On 23 March 2026, the company announced that the rest of the line to Hitoyoshi-Onsen Station will resume operations on 20 September 2026, with Kawamura Station being relocated to a different location after the flood and hence renamed Sagara-Toshima and Higashi-Taragi Station renamed to Taragi-Shōrenji.

==Basic data==
- Distance: 24.8 km / 15.4 mi.
- Gauge:
- Stations: 14
- Double-track line: None
- Electric supply: Not electrified
- Railway signalling
  - Hitoyoshi-Onsen – Asagiri: Tablet token
  - Asagiri – Yunomae: Staff token
- Stations with passing loops: 1 (Asagiri Station)

== Stations ==

| No. | Station | Japanese | Distance (km) | Notes | Location |  |
| 1 | Hitoyoshi-Onsen Station | 人吉温泉 | 0.0 | formerly Hitoyoshi Connection to JR Kyushu Hisatsu Line (Hitoyoshi Station) | Hitoyoshi | Kumamoto |
| 2 | Sagarahan-Ganjōji Station | 相良藩願成寺 | 1.5 | formerly Higashi-Hitoyoshi |
| 3 | Kawamura Station | 川村 | 4.4 |  | Sagara |
| 4 | Higo-Nishinomura Station | 肥後西村 | 5.8 |  | Nishiki |
| 5 | Ichibu Station | 一武 | 9.2 |  |
| 6 | Kinoe Station | 木上 | 11.3 |  |
| 7 | Okadome-Kōfuku Station | おかどめ幸福 | 13.0 |  | Asagiri |
| 8 | Asagiri Station | あさぎり | 15.0 | formerly Menda |
| 9 | Higashi-Menda Station | 東免田 | 17.4 |  |
| 10 | Kōritsubyōinmae Station | 公立病院前 | 18.5 |  | Taragi |
| 11 | Taragi Station | 多良木 | 19.8 |  |
| 12 | Higashi-Taragi Station | 東多良木 | 21.7 |  |
| 13 | Shin-Tsuruba Station | 新鶴羽 | 23.3 |  |
| 14 | Yunomae Station | 湯前 | 24.8 |  | Yunomae |

==Financial situation==
The company's railway operations have not produced an operating profit since its creation in 1989, and in fiscal 2011, it had operating profit losses of 120.76 million yen.

==Rolling stock==
As of June 2012, the company operates a fleet of eight diesel cars.
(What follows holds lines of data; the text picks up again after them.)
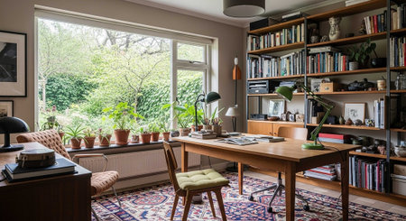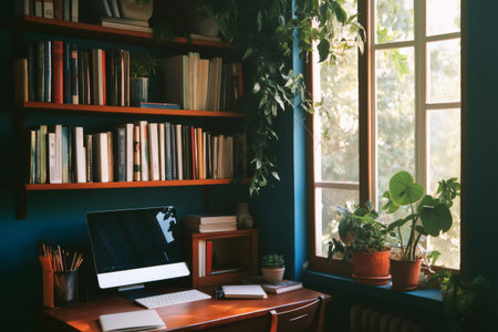 Cozy home office space featuring bookshelves, lush plants, and natural light, creating a tranquil and productive atmosphere
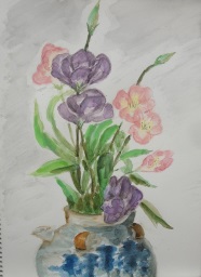 このような屋外でスケッチをしたいと思っていたのですが、4月9日当日は風が冬のように寒くて、皆さんの健康を考えて迷った挙句、結局、いつものように室内で静物を描くことにしました。今回はご都合のつかない人が多くて、出席者は5人で、少しさびしい会となりました。
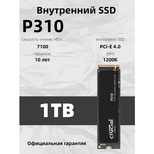 Crucial Встроенный твердотельный накопитель P310 1TB SSD Интерфейс M.2 (NVMe PCIe4.0*4) скорость чтения 7100 МБ/с
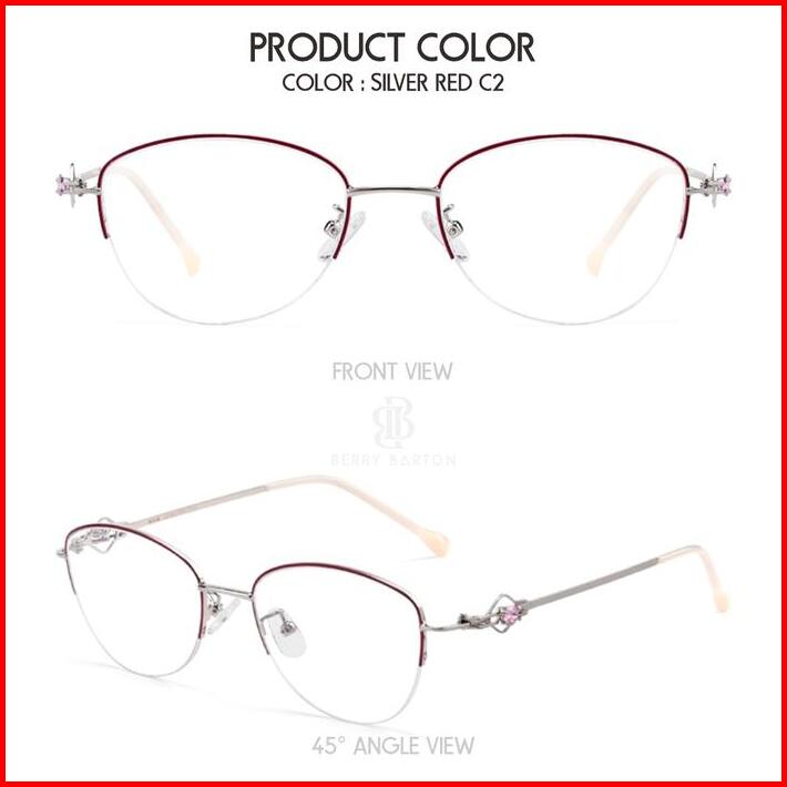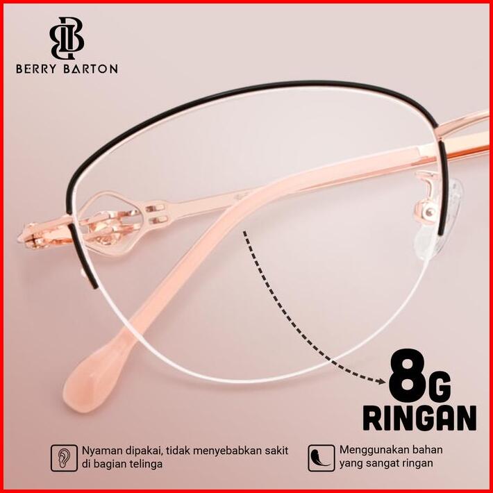 Kacamata Frame Fashion Wanita Model Semi Half Rim Titanium Lensa Anti Radiasi Blueray Photocromic Berrybarton 8025
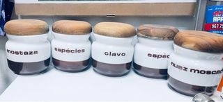 5 especieros vintage madera y cerámica
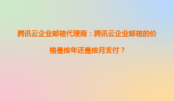 2025-11-03腾讯云企业邮箱代理商:腾讯云企业邮箱的价格是按年还是按月支付? 一、腾讯云企业邮箱的付费模式 腾讯云企业邮箱作为一款专业的企业级邮箱服务,提供了灵活的付费方式,以满足不同企业的需求。目前,腾讯云...
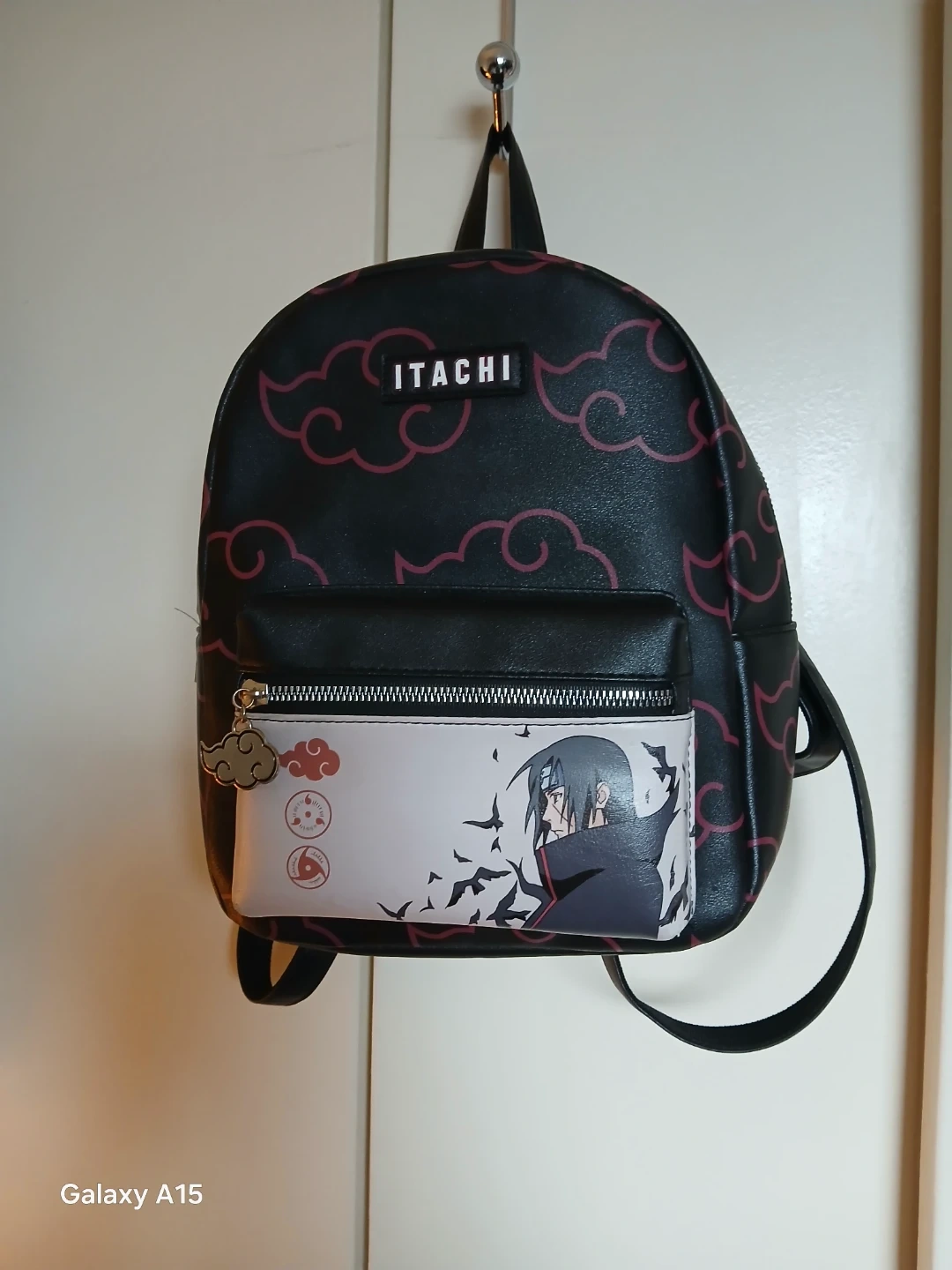 This black mini backpack features a red cloud pattern and an image of Itachi Uchiha from Naruto. It has a front zippered pocket and a cloud zipper charm. Made with faux leather material.
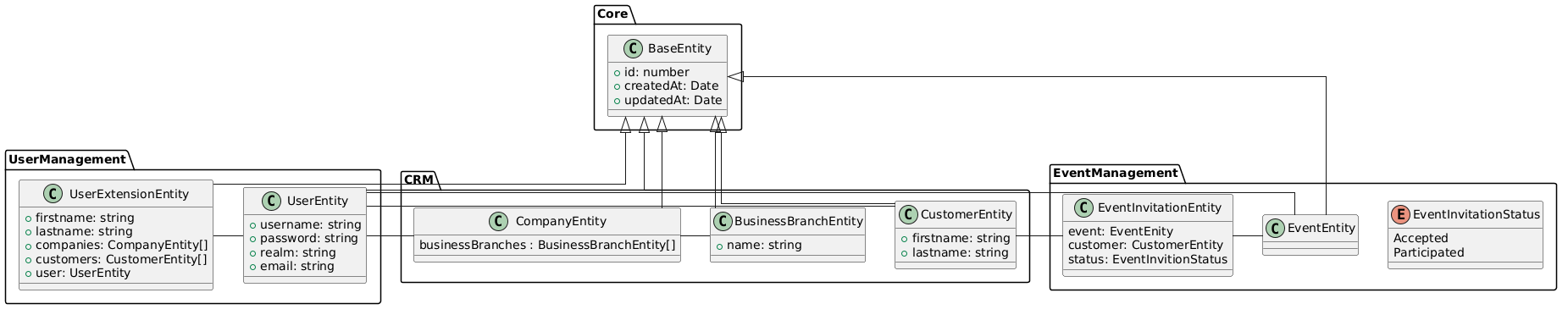 @startuml skinparam linetype ortho namespace Core { class BaseEntity { +id: number +createdAt: Date +updatedAt: Date } } namespace UserManagement { class UserEntity extends Core.BaseEntity { +username: string +password: string +realm: string +email: string } UserExtensionEntity - UserEntity class UserExtensionEntity extends Core.BaseEntity { +firstname: string +lastname: string +companies: CompanyEntity[] +customers: CustomerEntity[] +user: UserEntity } } namespace CRM { class BusinessBranchEntity extends Core.BaseEntity { +name: string } UserManagement.UserEntity - CompanyEntity CompanyEntity - BusinessBranchEntity class CompanyEntity extends Core.BaseEntity { businessBranches : BusinessBranchEntity[] } UserManagement.UserEntity - CustomerEntity class CustomerEntity extends Core.BaseEntity { +firstname: string +lastname: string } } namespace EventManagement { UserManagement.UserEntity - EventEntity class EventEntity extends Core.BaseEntity { } EventInvitationEntity - EventEntity EventInvitationEntity - CRM.CustomerEntity class EventInvitationEntity { event: EventEnity customer: CustomerEntity status: EventInvitionStatus } enum EventInvitationStatus { Accepted Participated } } @enduml
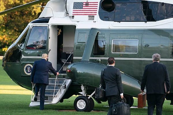 US President Donald Trump was taken to a military hospital overnight by his helicopter Marine One after testing positive for coronavirus.
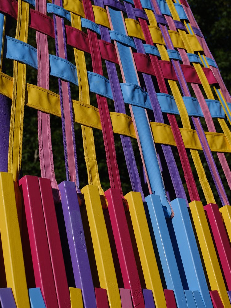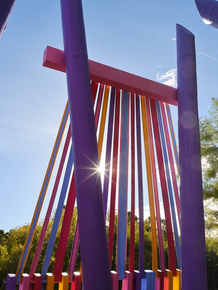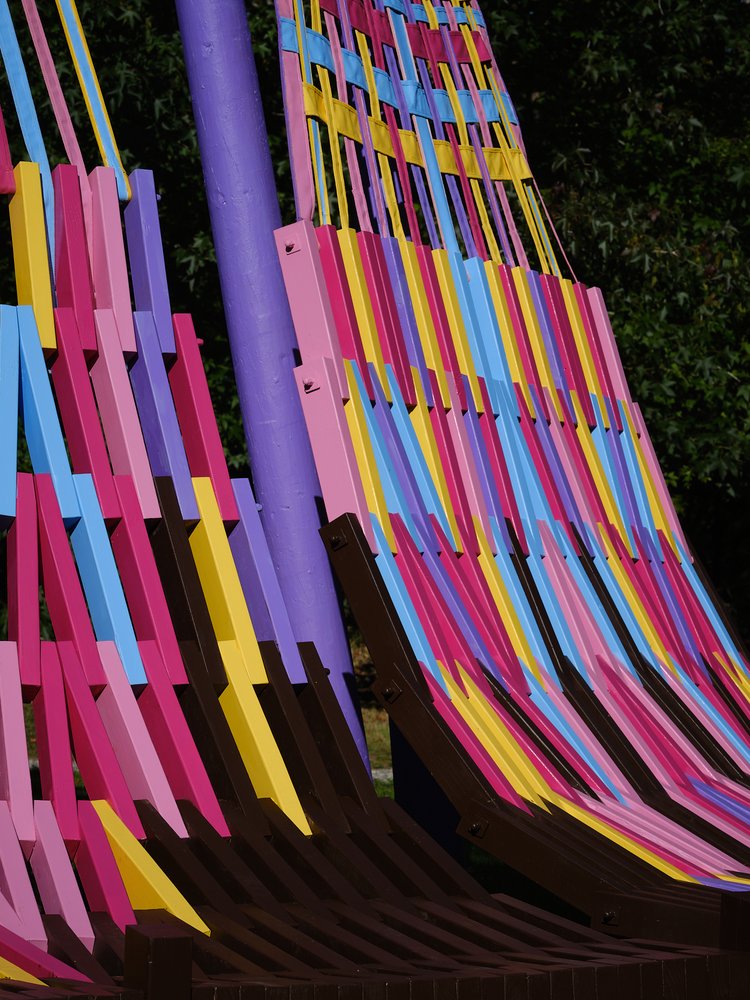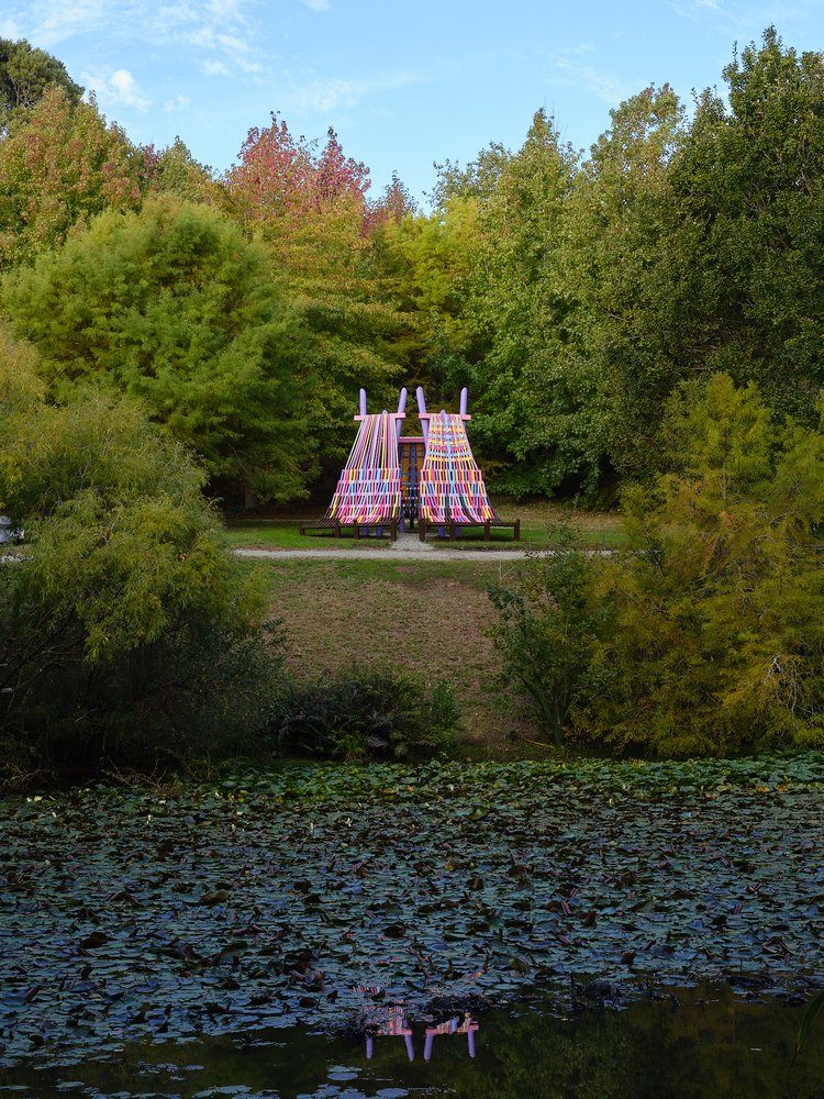 Using aptly-named Resene paint colours such as ‘XO’, ‘Bright Spark’ and ‘Colour me Pink’ to paint the woven canvas and latticed timber parts, the brightly coloured palette creates a joyful mood. As a compliment, the brown-stained timber at the base of the looms references the previous folly built on this site (The Nest), which Femme-ly Velues recycled approximately 30% of the timber from. This reclaimed timber honours the history and character of ancestral follies at Brick Bay, reduces waste, and continues the lifecycle of materials.

With the exception of two tourist trains, these were scheduled to be replaced by five new diesel cars between fiscal 2013 and 2014. The new trains were designed by industrial designer Eiji Mitooka. The new trains are now in service.

All five diesel cars were inundated at Hitoyoshi Onsen Station during torrential rains on 4 July 2020.